Taking the ‘no lockdown’ model of Sweden and extrapolating their deaths to Australia’s population would have been 39,000 deaths, divide one trillion by those lives and we have spent $25.6 million per life saved in Australia. I recognise there are of course other consequences, long term impacts and beyond, but whichever way you cut it we are spending a lot to save people from Covid.
On the flip side, we see GoFundMe pages filled with Australians needing to raise $50,000 or $100,000 for a treatment to save their child, or a friend or family, yet we (through our politicians) are quite happy to spend (in absolute worst-case numbers) $25.6 million per Covid life saved.
Through the Pharmaceutical Benefits Scheme, we restrict access to drugs based on what is called a Quality Adjusted Life Year (QALY) If a drug costs more than a certain amount (circa $100,000 per annum in Australia) even if it can save your life, we do not spend the money.
Why? Because money doesn’t grow on trees, and we have to draw the line somewhere.
I have simplified it, but the long and the short of it, if you are going to die tomorrow, and there is a drug that can save you, but that drug costs more than a certain amount, the Pharmaceutical Benefits Advisory Committee will reject the drug and you will die, unless you raise the money yourself.

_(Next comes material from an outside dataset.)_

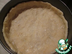 Тесто выложить в форму диаметром 20 см и распределить руками, образуя бортики высотой примерно 3-4 см. -

Even the World Health Organisation (WHO) sets a benchmark on who lives and who dies. In Australia that benchmark would be between $55,000 and $165,000 per life saved. Much less than the $25.6 million we are spending per life saved from worst-case Covid deaths estimates.
We do not like talking life, money and ethics, but we also need to remember 464 Australians die every single day, and 76 of them from preventable or accidental death.
The term “excess deaths” has also cropped up a few times in this debate, since lockdown begun, Australia has recorded 3500 “excess deaths” – 1000 of these were Covid, 2500 of these were from increases (against previous year trends) of cancer, dementia, diabetes and other illnesses.
Had we allowed the virus to run rampant, we would have had many more deaths, but I have not seen or heard of any of those 2500 families (seven per day) who experienced “excess deaths” in a media conference. Nor those 41 parents in Victoria alone whose children died as “excess child deaths”, across lockdown.
What we require is a balanced discussion where the full costs of Covid measures are weighed against the obvious – that is the number of people saved. We need a health economist, or an ethicist at our daily press conferences.
Covid has become a hyper polarised topic in Australia, where some people and governments want to see more “Fortress Australia”, whether it be reduced numbers of Australians returning home or acceptance of lockdowns. We need to realise there is an in between, as every other country in the world has learned except us.
We need to balance, with the knowledge we have gained, Covid-19 deaths rationally against other deaths, illnesses, injuries or priorities – maybe that $1 trillion we spent could have cured cancer (around 50,000 deaths per annum) or improved cars and our roads, reducing the 1200 odd road deaths each year.
One trillion dollars would certainly reduce the 1800 drug related deaths each year (five per day), of which two to three were accidental.
These are the numbers we need to consider when listening to the Covid press conferences each day.